Exercise => Transcribe exactly the lines below that begin at the line with "Leuk Canadees ontwerp" and stop after the line with "Kırmızı ve lacivert", leaving out every picture.

Records shown =>
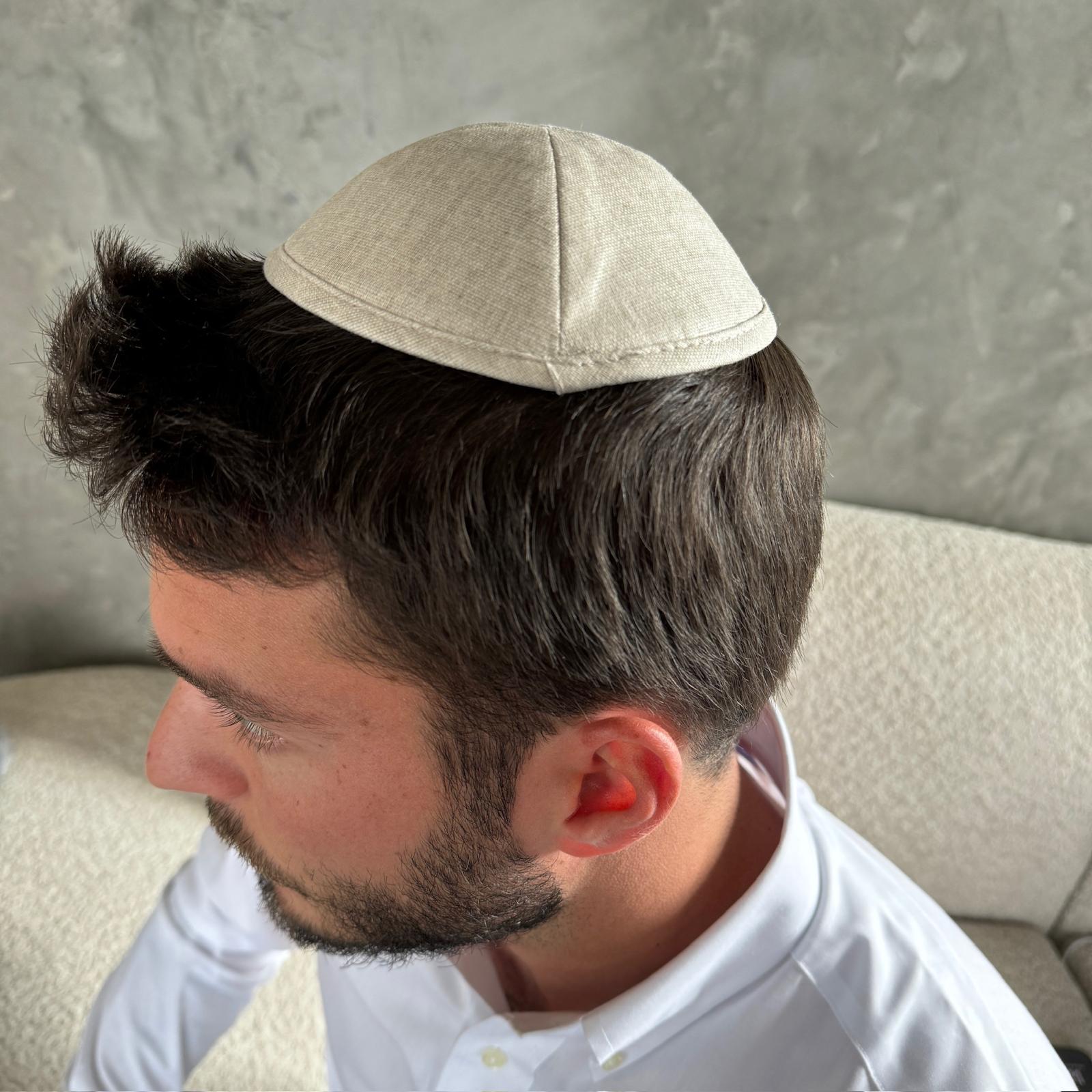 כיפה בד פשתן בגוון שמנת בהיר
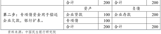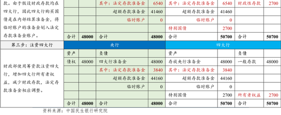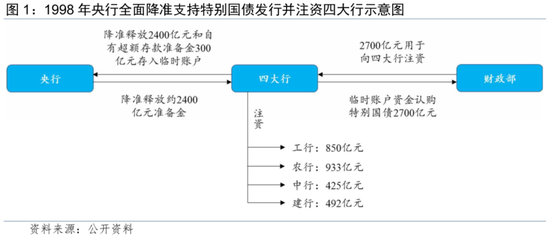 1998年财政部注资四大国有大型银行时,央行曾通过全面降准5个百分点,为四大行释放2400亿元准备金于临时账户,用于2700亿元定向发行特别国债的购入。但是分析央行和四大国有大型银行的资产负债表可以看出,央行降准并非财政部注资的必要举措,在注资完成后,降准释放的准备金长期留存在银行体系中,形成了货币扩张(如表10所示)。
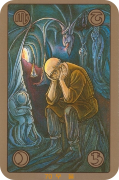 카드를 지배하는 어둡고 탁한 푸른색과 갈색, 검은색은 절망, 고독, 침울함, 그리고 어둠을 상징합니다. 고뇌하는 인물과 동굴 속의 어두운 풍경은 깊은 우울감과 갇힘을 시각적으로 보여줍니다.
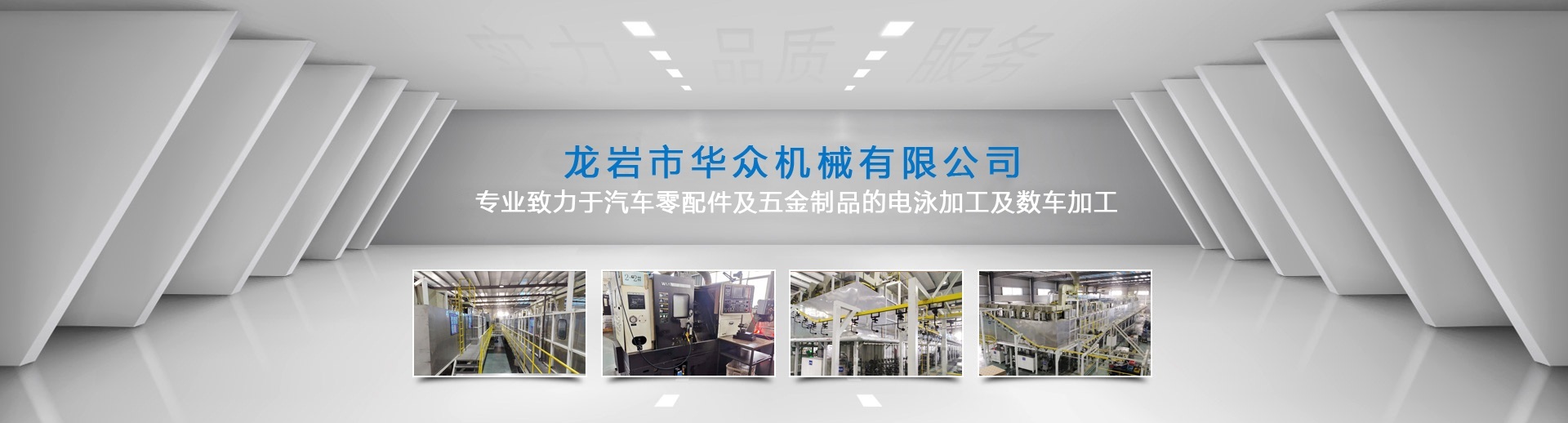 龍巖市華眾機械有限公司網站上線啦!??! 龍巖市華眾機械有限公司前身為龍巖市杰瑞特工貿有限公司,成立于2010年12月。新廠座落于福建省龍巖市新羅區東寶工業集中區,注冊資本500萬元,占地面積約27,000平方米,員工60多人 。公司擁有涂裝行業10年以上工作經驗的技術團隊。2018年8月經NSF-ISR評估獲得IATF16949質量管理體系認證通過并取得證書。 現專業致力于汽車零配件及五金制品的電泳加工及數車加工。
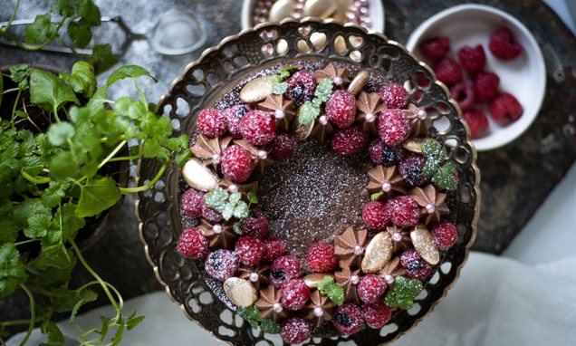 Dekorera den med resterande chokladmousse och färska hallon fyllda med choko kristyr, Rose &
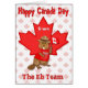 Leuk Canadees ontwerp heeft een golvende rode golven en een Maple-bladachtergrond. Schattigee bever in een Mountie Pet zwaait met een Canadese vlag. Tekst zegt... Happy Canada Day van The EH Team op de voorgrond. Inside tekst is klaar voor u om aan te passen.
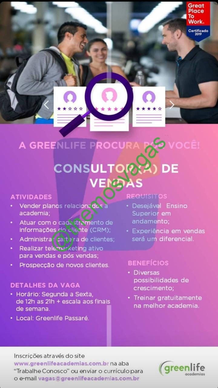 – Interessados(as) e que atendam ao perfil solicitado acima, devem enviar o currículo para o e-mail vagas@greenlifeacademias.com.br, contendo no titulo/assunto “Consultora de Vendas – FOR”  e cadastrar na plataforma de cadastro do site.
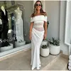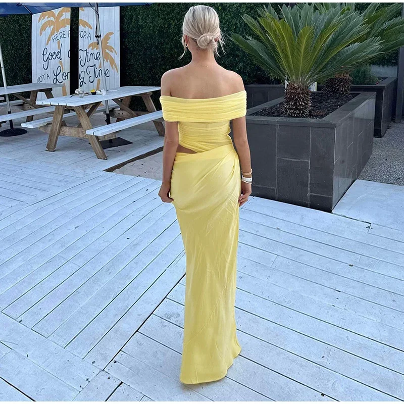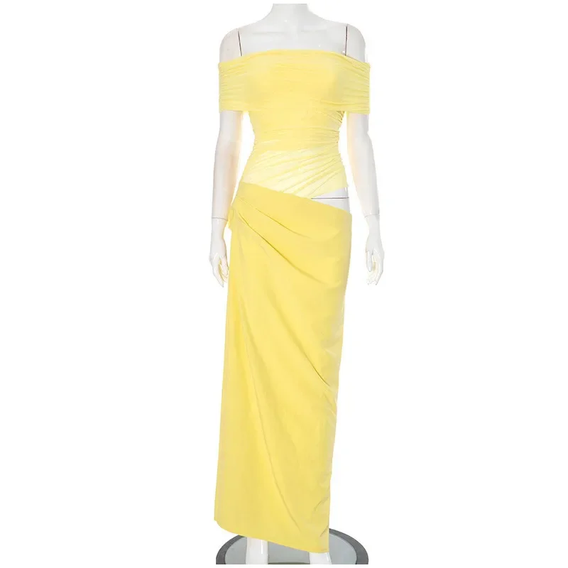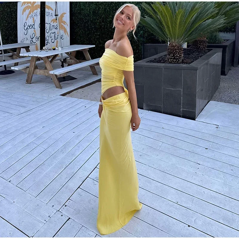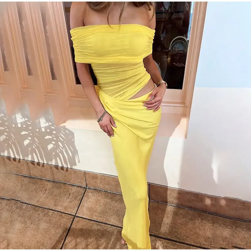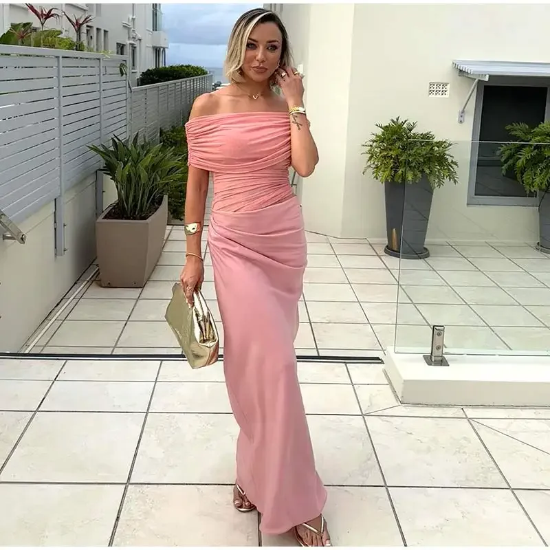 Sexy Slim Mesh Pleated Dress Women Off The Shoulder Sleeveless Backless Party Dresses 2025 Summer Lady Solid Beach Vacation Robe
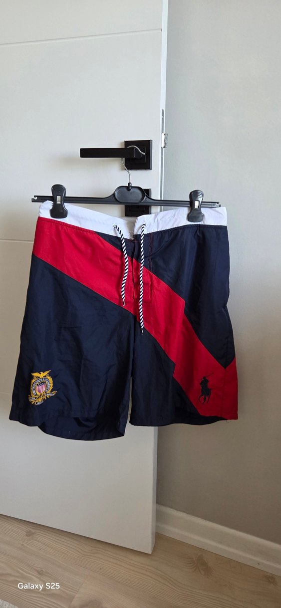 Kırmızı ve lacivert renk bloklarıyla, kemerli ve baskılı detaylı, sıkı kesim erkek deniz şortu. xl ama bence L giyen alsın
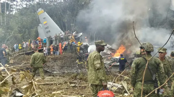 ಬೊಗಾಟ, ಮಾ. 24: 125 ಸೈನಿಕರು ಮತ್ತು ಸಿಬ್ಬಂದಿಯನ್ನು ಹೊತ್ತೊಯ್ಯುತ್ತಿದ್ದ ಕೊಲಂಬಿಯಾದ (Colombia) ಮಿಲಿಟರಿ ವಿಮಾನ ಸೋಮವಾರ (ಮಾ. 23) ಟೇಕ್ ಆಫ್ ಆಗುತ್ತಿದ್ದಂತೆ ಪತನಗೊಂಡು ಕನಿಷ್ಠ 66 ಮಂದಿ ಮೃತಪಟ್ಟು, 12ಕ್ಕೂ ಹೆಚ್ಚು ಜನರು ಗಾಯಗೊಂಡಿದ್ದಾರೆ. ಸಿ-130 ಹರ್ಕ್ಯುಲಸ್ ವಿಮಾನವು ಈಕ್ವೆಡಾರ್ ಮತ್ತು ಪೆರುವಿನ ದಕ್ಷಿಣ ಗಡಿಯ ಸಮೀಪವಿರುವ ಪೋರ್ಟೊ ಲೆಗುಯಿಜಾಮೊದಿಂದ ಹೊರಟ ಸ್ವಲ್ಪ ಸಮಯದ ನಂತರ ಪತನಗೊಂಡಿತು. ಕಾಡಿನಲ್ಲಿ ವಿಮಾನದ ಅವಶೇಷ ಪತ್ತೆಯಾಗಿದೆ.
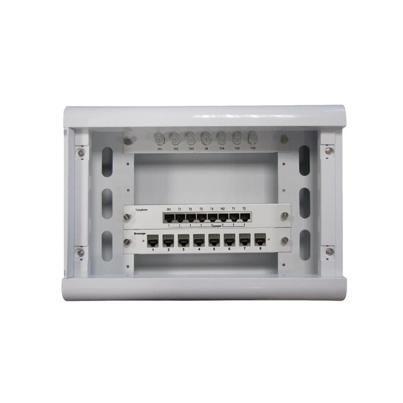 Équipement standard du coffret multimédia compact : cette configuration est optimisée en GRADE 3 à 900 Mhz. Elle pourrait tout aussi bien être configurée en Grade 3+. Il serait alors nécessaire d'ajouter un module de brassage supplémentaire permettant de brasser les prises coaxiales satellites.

Response to this task =>
 Leuk Canadees ontwerp heeft een golvende rode golven en een Maple-bladachtergrond. Schattigee bever in een Mountie Pet zwaait met een Canadese vlag. Tekst zegt... Happy Canada Day van The EH Team op de voorgrond. Inside tekst is klaar voor u om aan te passen.
 – Interessados(as) e que atendam ao perfil solicitado acima, devem enviar o currículo para o e-mail vagas@greenlifeacademias.com.br, contendo no titulo/assunto “Consultora de Vendas – FOR”  e cadastrar na plataforma de cadastro do site.
 Sexy Slim Mesh Pleated Dress Women Off The Shoulder Sleeveless Backless Party Dresses 2025 Summer Lady Solid Beach Vacation Robe
 Kırmızı ve lacivert renk bloklarıyla, kemerli ve baskılı detaylı, sıkı kesim erkek deniz şortu. xl ama bence L giyen alsın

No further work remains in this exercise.